Professor Vajda has been studying with the few remaining speakers of the Ket language since the late 1980’s. The Ket people live in a remote, isolated part of Siberia. Even so, only about 100 of the tribe’s 1,200 members still speak Ket. Professor Vajda is helping to preserve the language by compiling grammar and vocabulary, and in the course of his work he was able to demonstrate how Ket was connected to the Na-Dene language family of the New World,which includes Tlingit, Gwichin, Denaina, Koyukon, Navajo, Carrier, Hupa, Apache and others.
Professor Vajda’s research was recently published in The Dene-Yeniseian Connection, a new book from the University of Alaska Fairbanks Department of Anthropology and Alaska Native Language Center.
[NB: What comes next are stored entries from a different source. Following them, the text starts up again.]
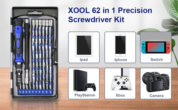 • 【Wide Application】 XOOL 62 in 1 precision screwdriver set is a professional repair tools kit for iPhone, iPad, MacBook, Cell Phone, PC, Computer, Laptop, Tablet, Camera, Game Consoles, PS4/Xbox Controller, Watches, Glasses and other electronics. Whatever you are a professional or amateur in the IT world, you can easily use this electronics tool kit to repair phones, computers and laptops.
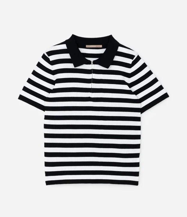 Blusa plus size confeccionada em tricô leve, com gola polo de zíper e mangas curtas. Possui textura caneladinha e padronagem de listras.
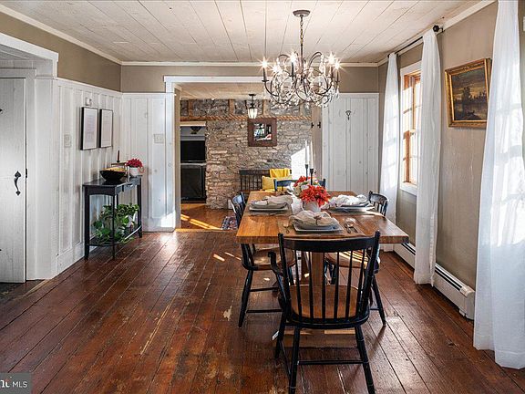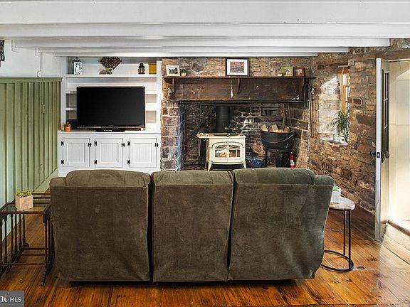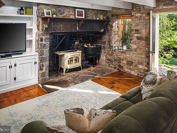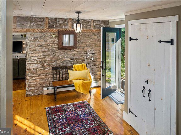 History and charm blend beautifully with modern conveniences in this home across from Bulls Island and the Lumberville walking bridge. Minutes to Stockton, the Hunt, Reading, Sorby House, one of the first built in Raven Rock, invites you to step back in time while enjoying updated amenities.The bluestone path winds past dry-laid stonewalls and delivers you to the front door. Enter the foyer, part of the original structure, and step down to the living room with exposed fieldstone walls and the ‘kitchen fireplace’ with wood-burning stove insert. Heading back through the foyer find the dining room that leads into the updated kitchen with stainless steel appliances, granite counters, radiant heat floors, and high ceilings. A powder room, first floor laundry, and walk-in pantry complete this level. A pie staircase leads up to the private quarters above. The two-story primary bedroom suite features custom millwork on ‘one of the most beautiful and original paneled fireplace walls still in existence in the area’ and private outdoor access. Steps lead up to a small office/library, ensuite bath with double vanity and glass shower, and dressing room with custom built-ins. A large room with vaulted ceiling, loft, and charming covered porch connects to a dressing room/office, which flows into the third bedroom; full hall bath is adjacent. The terraced yard offers tidy flower beds, established perennials, a dining platform with privacy fence, and shed. Additional features include: Brand New 2022 septic, 2022 exterior painting, 2021 roof, back gutters.
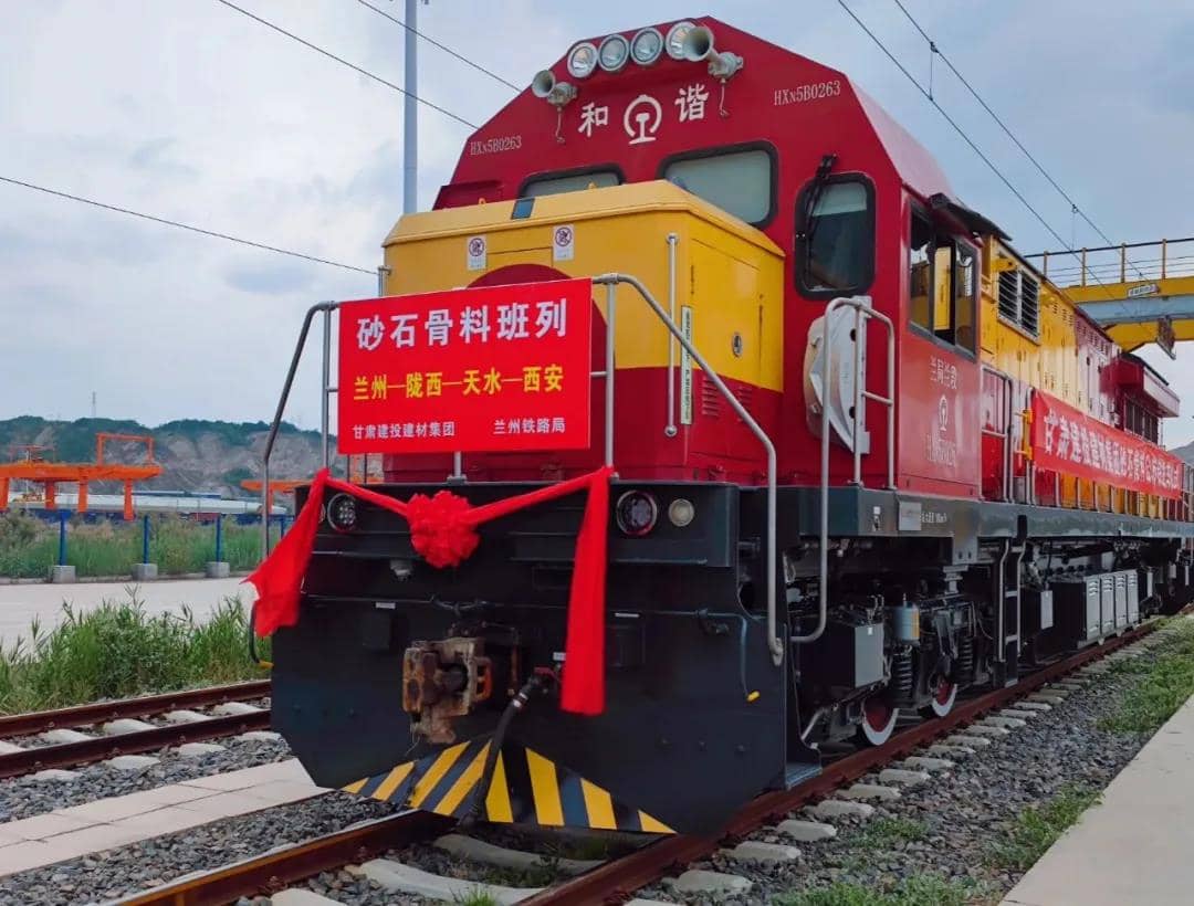 此次砂石骨料“公转铁”集装箱班列是在甘肃省国资委、甘肃建投的大力支持下,由甘肃建投建材集团与兰州铁路局积极协商,达成砂石料运输公转铁合作协议,依托铁路运输方式打造的一条砂石骨料绿色运输新通道。
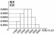 解析:从频率分布直方图,可以知道要使得两边的面积相等,平分面积的直线应该在2000-2500之间,设该直线的方程为x=a,则500×(0.0002+0.0004)+0.0005×(a-2000)=0.0005×(2500-a)+500×(0.0005+0.0003+0.0001),解得a=2400,即居民的月收入的中位数大约是2400.
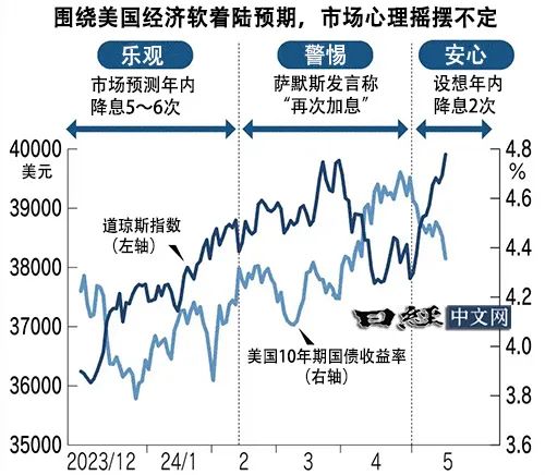 全球的投资资金以同时实现缓解通货膨胀和避免美国经济衰退的“软着陆”预期为前提,再次开始行动。这在很大程度上是因为美国的经济指标接连下行,美国推迟降息的预期和再次加息论有所减弱。市场摆脱了警惕模式,美国道琼斯工业平均指数5月16日在盘中首次冲上4万点大关。
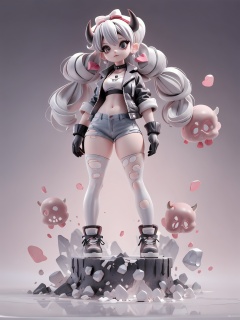 1girl,black eyes,black hair,black legwear,boots,bow,choker,earrings,full body,hair bow,heart,horns,jacket,jewelry,looking at viewer,medium hair,pants,pantyhose,shirt,shoes,skull,sneakers,spikes,standing,torn clothes,torn gloves,torn jacket,torn jeans,torn legwear,torn pants,torn shirt,torn shorts,torn skirt,torn sleeves,twintails,silvercarvingcd,(((silver brilliance body)))
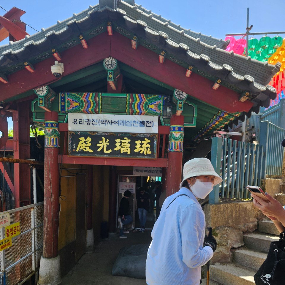 갓바위 종점에서 관봉석조여래좌상까지 900m 남짓 계단을 오르다 보면 대웅전이 나오고 더 오르면 갓바위 부처님 형상을 본딴 약사여래가 모셔진 유리광전이 나온다.
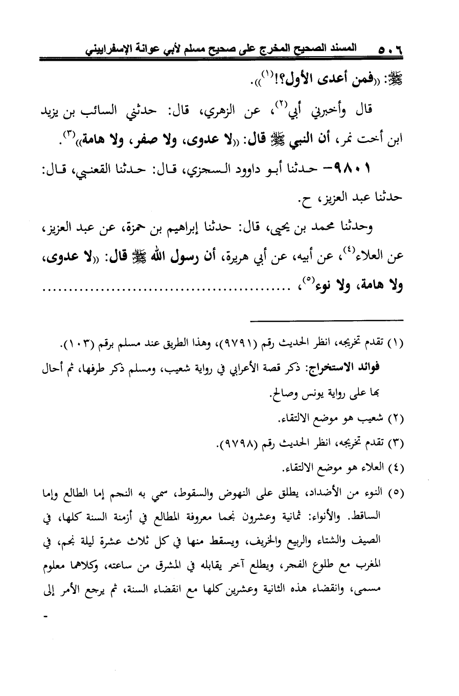 وحدثنا محمد بن يحيى، قال: حدثنا إبراهيم بن حمزة، عن عبد العزيز، عن العلاء (¬1)، عن أبيه، عن أبي هريرة، أن رسول الله -صلى الله عليه وسلم- قال: "لا عدوى، ولا هامة، ولا نوء (¬2)،
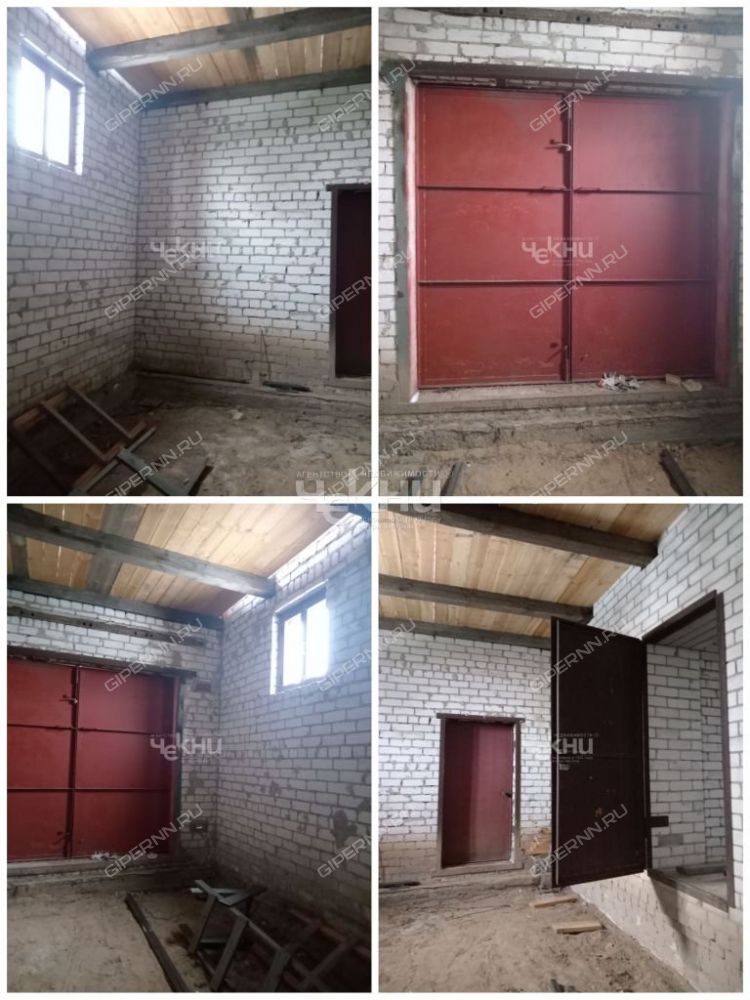 К дому пристроен кирпичный гараж, фундамент ленточный. Гараж на два машиноместа, ворота 2.2 х 2.2, из него вход в дом и выход в огород.
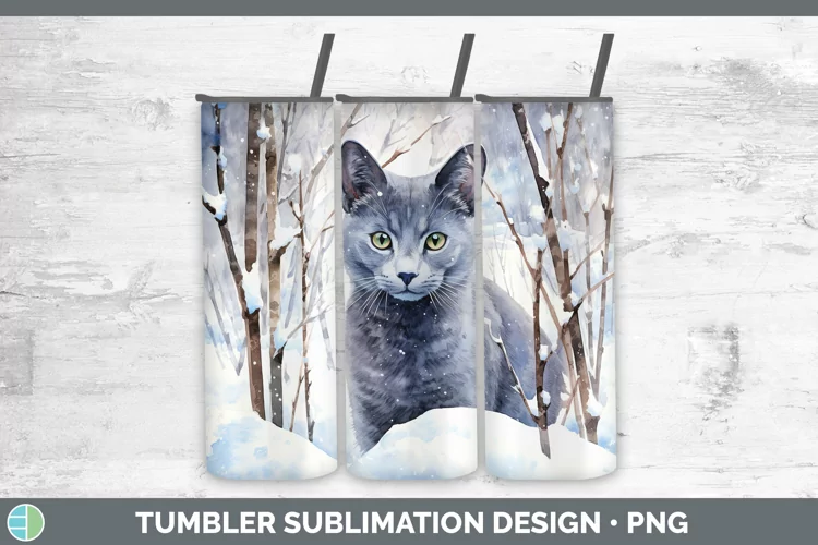 Similar Design Products to Winter Snow Russian Blue Cat Tumbler Sublimation 20 oz Skinn
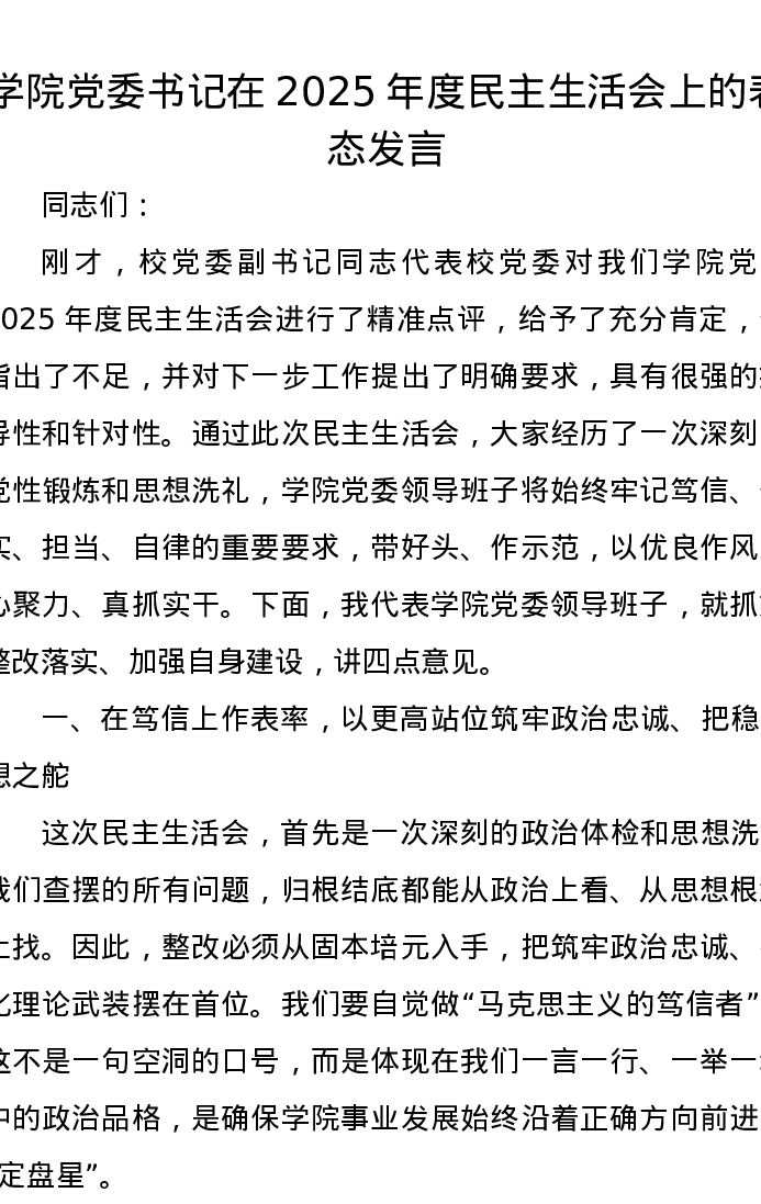 学院党委书记在2025年度xxxxx上的表态发言(五个带头)

In an article published in the Fairbanks Daily News Miner, Professor Vajda explains why demonstrating a linguistic connection between the two continents is important:
“It’s a new way to understand human prehistory before there were historians to write it down. Isolated languages like Ket have developed features that are very unusual and interesting, and they help us to understand the human mind and human language ability. We linguists should not be the focus of attention here. What is important are the languages and especially the Native communities themselves.”
Ben Potter, another anthropologist featured in the book, explained the importance of Vajda’s work in a little bit more detail, telling the newspaper that the vast majority of Native peoples in western subarctic Canada and Alaska are Na-Dene and before Vajda’s work, there was no definitive link with any other group in the Old World.